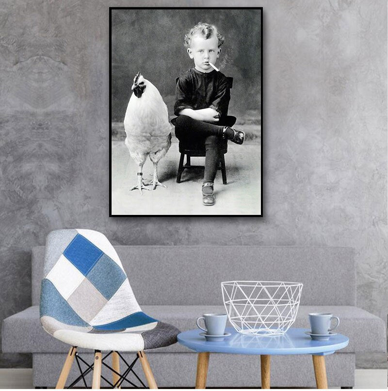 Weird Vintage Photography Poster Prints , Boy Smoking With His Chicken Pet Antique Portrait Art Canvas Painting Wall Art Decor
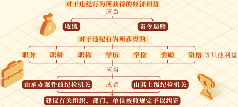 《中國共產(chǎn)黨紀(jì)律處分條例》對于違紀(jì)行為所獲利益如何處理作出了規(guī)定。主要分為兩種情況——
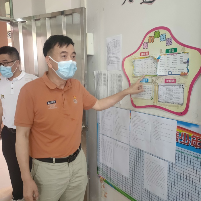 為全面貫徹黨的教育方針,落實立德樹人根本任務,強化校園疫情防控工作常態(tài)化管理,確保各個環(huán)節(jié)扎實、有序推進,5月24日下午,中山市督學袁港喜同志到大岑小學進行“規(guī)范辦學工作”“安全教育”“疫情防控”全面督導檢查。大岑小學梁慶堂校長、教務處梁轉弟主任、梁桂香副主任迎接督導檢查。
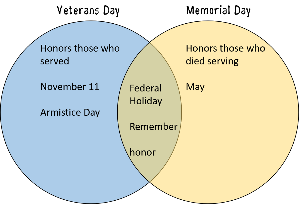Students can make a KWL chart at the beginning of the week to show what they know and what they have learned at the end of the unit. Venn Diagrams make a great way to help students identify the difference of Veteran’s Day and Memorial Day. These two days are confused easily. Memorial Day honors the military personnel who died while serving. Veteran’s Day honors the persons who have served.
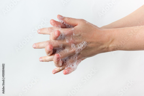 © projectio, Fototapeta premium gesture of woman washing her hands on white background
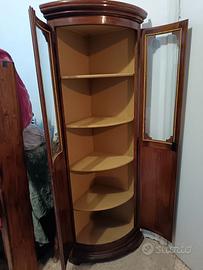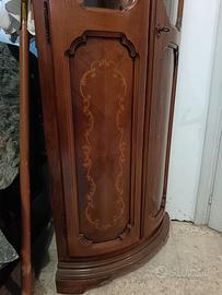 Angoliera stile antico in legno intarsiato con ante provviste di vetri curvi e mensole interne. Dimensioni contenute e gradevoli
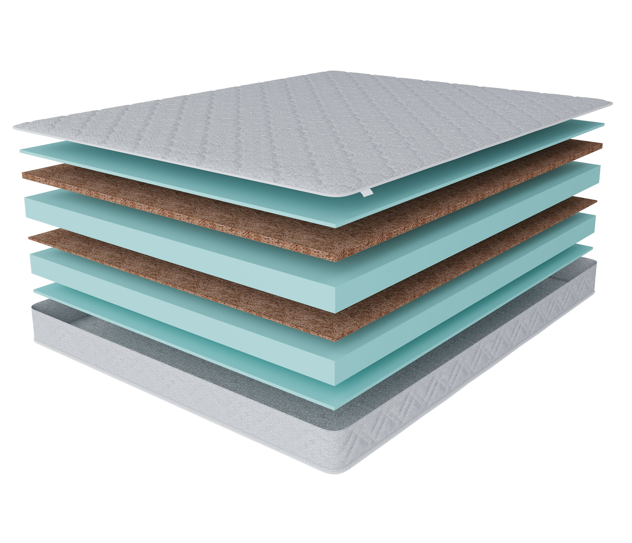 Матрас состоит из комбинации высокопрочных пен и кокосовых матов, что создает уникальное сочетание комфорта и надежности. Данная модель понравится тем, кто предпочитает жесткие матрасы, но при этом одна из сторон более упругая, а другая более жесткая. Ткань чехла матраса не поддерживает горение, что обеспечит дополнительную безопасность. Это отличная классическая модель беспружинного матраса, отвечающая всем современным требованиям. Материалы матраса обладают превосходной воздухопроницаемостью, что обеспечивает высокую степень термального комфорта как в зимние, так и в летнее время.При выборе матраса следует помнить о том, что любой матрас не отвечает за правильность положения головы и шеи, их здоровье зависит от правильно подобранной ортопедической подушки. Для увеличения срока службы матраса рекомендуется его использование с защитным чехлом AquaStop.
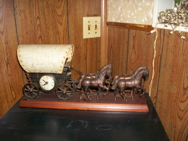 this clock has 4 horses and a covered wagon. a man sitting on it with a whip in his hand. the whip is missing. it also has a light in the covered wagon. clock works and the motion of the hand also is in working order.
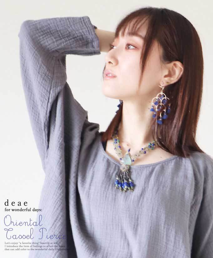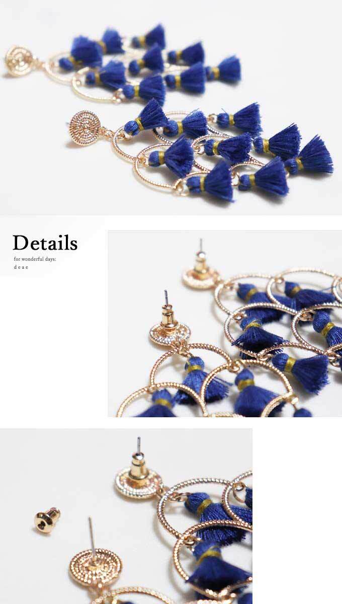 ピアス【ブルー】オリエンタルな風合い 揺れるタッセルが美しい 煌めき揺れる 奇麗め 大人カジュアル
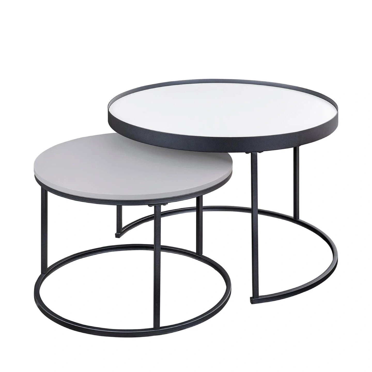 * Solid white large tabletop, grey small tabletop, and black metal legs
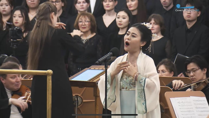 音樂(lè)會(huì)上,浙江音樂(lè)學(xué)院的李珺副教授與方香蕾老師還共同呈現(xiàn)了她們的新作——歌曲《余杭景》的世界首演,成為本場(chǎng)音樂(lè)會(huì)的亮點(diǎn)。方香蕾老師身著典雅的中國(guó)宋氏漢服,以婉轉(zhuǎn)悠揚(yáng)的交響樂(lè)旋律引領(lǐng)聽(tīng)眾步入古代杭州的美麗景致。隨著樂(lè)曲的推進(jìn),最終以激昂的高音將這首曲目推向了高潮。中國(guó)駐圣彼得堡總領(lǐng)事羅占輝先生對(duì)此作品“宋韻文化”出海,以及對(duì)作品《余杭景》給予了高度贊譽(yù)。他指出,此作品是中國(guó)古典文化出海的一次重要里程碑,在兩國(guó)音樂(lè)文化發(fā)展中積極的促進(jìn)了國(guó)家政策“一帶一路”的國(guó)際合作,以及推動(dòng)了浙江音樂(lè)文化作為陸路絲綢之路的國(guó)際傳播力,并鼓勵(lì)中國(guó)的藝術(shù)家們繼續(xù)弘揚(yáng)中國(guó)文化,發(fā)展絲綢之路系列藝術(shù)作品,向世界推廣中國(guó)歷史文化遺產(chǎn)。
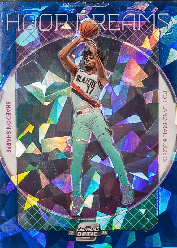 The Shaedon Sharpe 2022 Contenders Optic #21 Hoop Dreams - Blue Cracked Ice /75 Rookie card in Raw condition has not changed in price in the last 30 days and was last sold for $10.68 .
────────
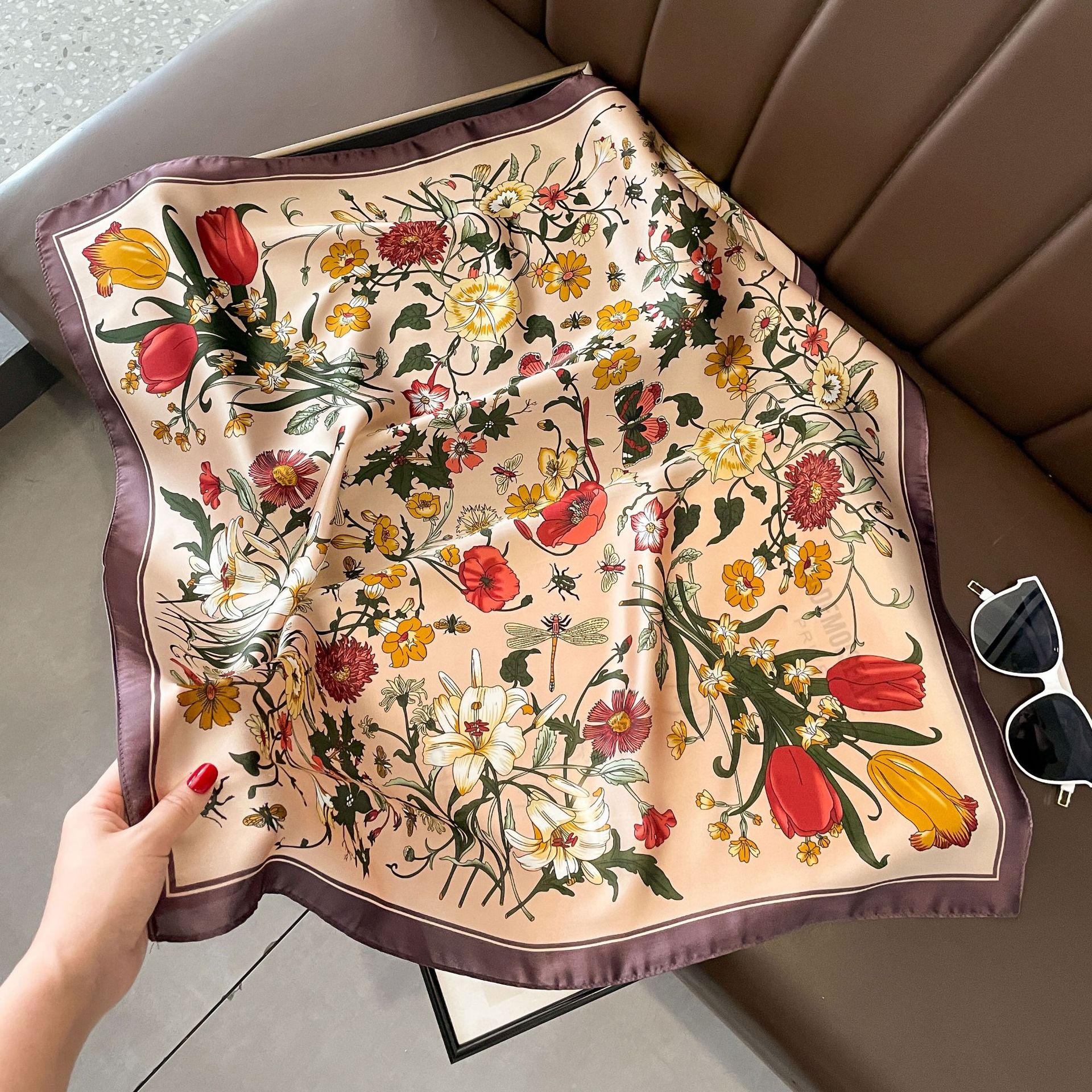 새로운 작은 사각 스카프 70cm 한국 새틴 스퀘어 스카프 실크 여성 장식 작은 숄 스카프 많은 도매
────────
**TASK DESCRIPTION**: Work from the entries above. Set down exactly and only the lines from the line with "Weird Vintage Photography" to the line with "Angoliera stile antico", both included, and leave the pictures out.

**WRITTEN SOLUTION**:
 Weird Vintage Photography Poster Prints , Boy Smoking With His Chicken Pet Antique Portrait Art Canvas Painting Wall Art Decor
 《中國共產(chǎn)黨紀(jì)律處分條例》對于違紀(jì)行為所獲利益如何處理作出了規(guī)定。主要分為兩種情況——
 為全面貫徹黨的教育方針,落實立德樹人根本任務,強化校園疫情防控工作常態(tài)化管理,確保各個環(huán)節(jié)扎實、有序推進,5月24日下午,中山市督學袁港喜同志到大岑小學進行“規(guī)范辦學工作”“安全教育”“疫情防控”全面督導檢查。大岑小學梁慶堂校長、教務處梁轉弟主任、梁桂香副主任迎接督導檢查。
Students can make a KWL chart at the beginning of the week to show what they know and what they have learned at the end of the unit. Venn Diagrams make a great way to help students identify the difference of Veteran’s Day and Memorial Day. These two days are confused easily. Memorial Day honors the military personnel who died while serving. Veteran’s Day honors the persons who have served.
 © projectio, Fototapeta premium gesture of woman washing her hands on white background
 Angoliera stile antico in legno intarsiato con ante provviste di vetri curvi e mensole interne. Dimensioni contenute e gradevoli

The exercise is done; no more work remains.